One of South Jersey’s smallest high schools is home to one of this season’s most exciting girls basketball teams.
While larger schools such as Cherokee and non-public powers such as Bishop Eustace and Paul VI have earned most of the headlines so far this season, Palmyra has been a dominant force among the small schools in the region. The Panthers’ 47-29 win over Florence last Wednesday was their 16th in a row and pushes the team’s record to 17-1. Only Cherokee and Trenton Catholic have a better winning percentage in South Jersey this season than Palmyra.
“I thought we were going to be good, not 17-1 good though,” senior Ashanti Taylor said following last Wednesday’s game. “This is a really good season. I didn’t even expect it.”
Not only has Palmyra accomplished one of the region’s longest win streaks of the year, but they’ve done so while playing a brand of fast, aggressive and exciting basketball. The Panthers play a ferocious, swarming defense where multiple players converge on the ball once it gets anywhere close to the hoop. Once they gain possession, Palmyra’s favorite thing to do is go on a fast break or throw a long pass down the court to an open player for easy points.
“We love to run,” Taylor said. “We don’t like slow-paced basketball. We like fast-paced basketball. We like running up and down the court, rebound, sprint down the court, try and get the ball.”
Palmyra has been building to a successful 2019-2020 season since last year, having returned nearly its entire roster from an 18-10 team that advanced to the South Jersey Group 1 semifinals a year ago. After a strong finish to last season, head coach Sean Brady felt this year’s team was capable of taking a huge step forward.
“They got a ton of experience last year,” Brady said. “The girls played a lot together over the summer. They work well together and they share the ball.”
It’s one thing to have a roster of players who are familiar with each other, but Palmyra has the extra advantage of featuring players who have known each other for most of their lives. In a small town of a little more than 7,000 people, everyone tends to know each other, and senior Julianna Mackafee believes that has been a good thing for the girls basketball program.
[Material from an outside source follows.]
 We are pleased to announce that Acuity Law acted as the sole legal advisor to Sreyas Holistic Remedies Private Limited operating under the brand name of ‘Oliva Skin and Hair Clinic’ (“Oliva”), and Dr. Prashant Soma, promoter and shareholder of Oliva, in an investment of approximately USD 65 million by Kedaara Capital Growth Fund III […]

“I feel like, growing up with each other and playing together, we’re just confident in each other,” Mackafee noted. “We don’t take everything too seriously and have fun on the court.”
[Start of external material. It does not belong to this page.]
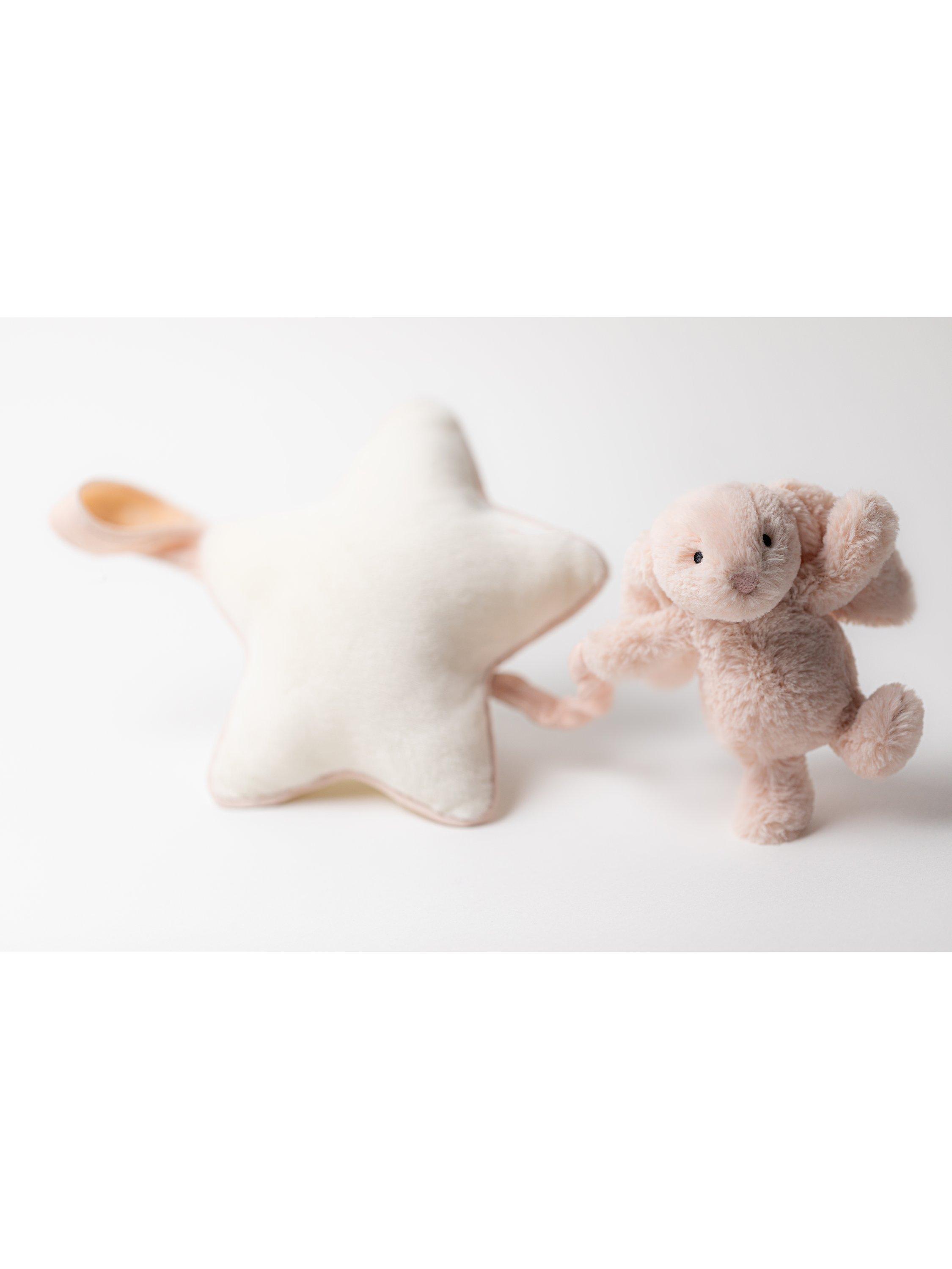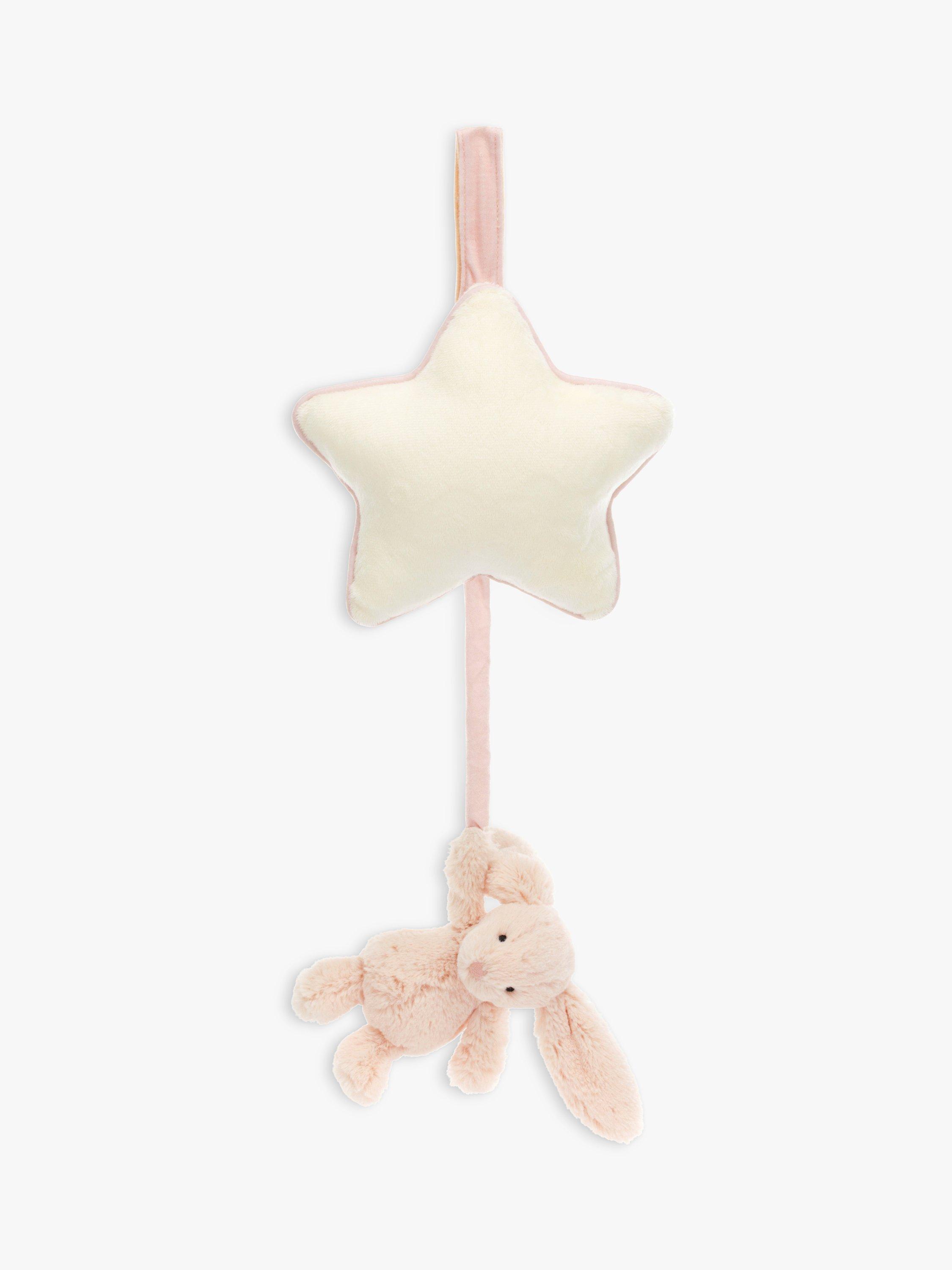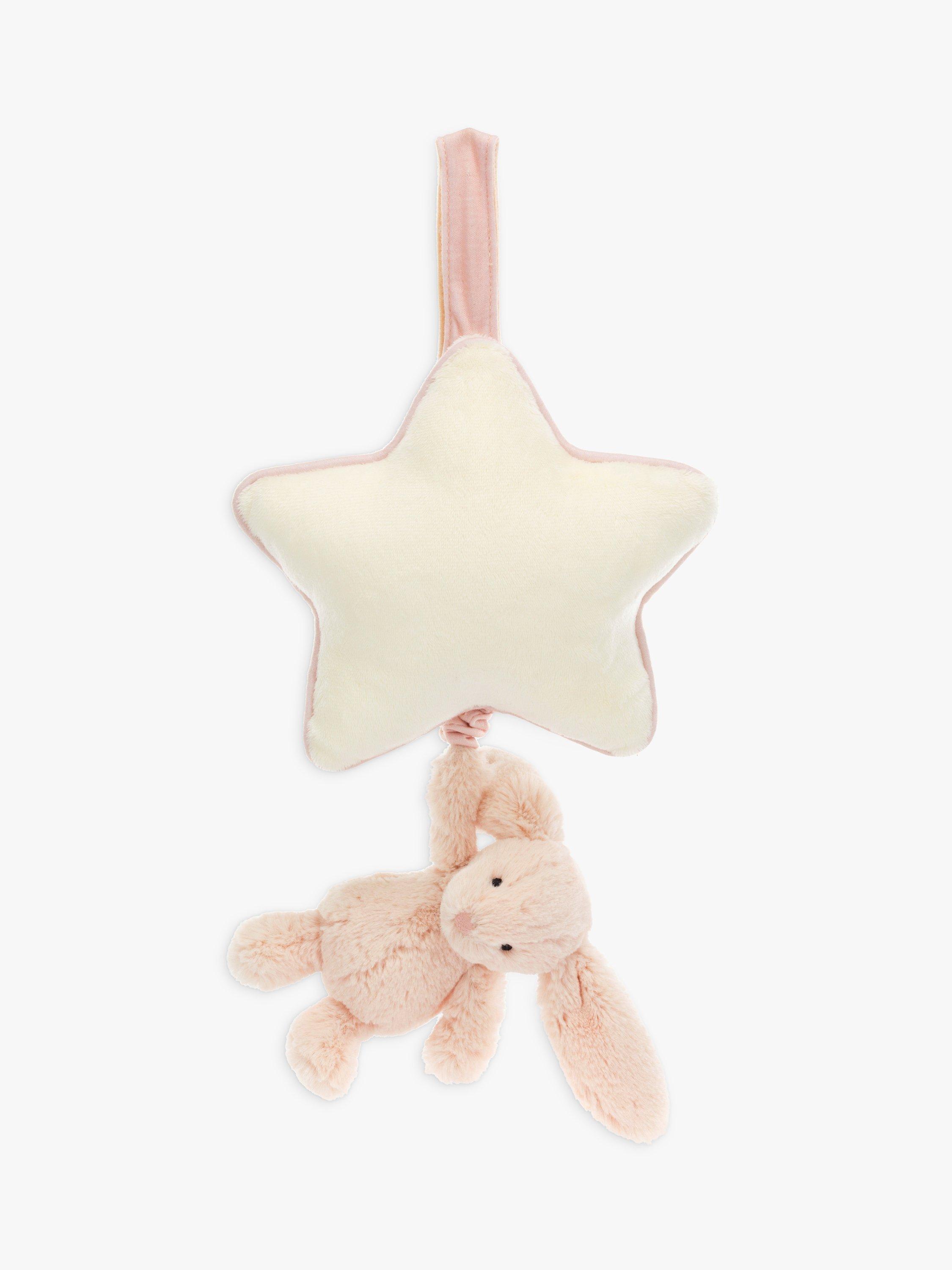 Bashful Bunny Musical Pull from Jellycat is sure to send little ones to a joyful dreamland. This tiny Bashful Bunny suspends from a soft cream star with contrast piping, all created from recycled fibres. Pull down to play the sweet original Jellycat Lullaby.

“This is definitely one of the tightest groups (I’ve coached),” Brady added. “They have fun together. It makes practice fun. They joke with each other. They know when to be serious. It’s good chemistry.”
That tight chemistry also has allowed multiple players to shine this season. Taylor has been the heart of Palmyra’s offense since she stepped on the court as a freshman. She’s averaging about 12 points per game so far in 2019-2020 after leading the Panthers in scoring in her freshman and junior seasons.
Taylor is far from Palmyra’s only threat. Junior Elizabeth Shover has become a force inside, averaging more than 10 points and nearly nine rebounds per game. Mackafee and junior Olivia Falicki have spearheaded Palmyra’s suffocating defense, with each of them averaging 3.4 steals per game to lead the team.
“It’s more about us working together,” Taylor said. “It’s not just one player. On any given night, anyone can be the leading scorer on our team.”
Mackafee believes the team’s ability to work as a unit and its bond could make a difference heading into the final stretch of the regular season. Just a few days before the cutoff for playoff seeding, Palmyra was on track to earn one of the top two seeds in the South Jersey Group 1 playoffs. That seeding could earn the Panthers a few home games in March as well as a lot more attention from opponents across South Jersey.
“We know we have a big target on our back,” Mackafee said. “Every day we know everybody is coming after us, so we have to keep it up.”
“We just have to outwork everybody,” Brady added. “Record doesn’t matter. We’re just going to work harder, whether it’s practice, whether it’s layup skills, whether it’s foul shots.”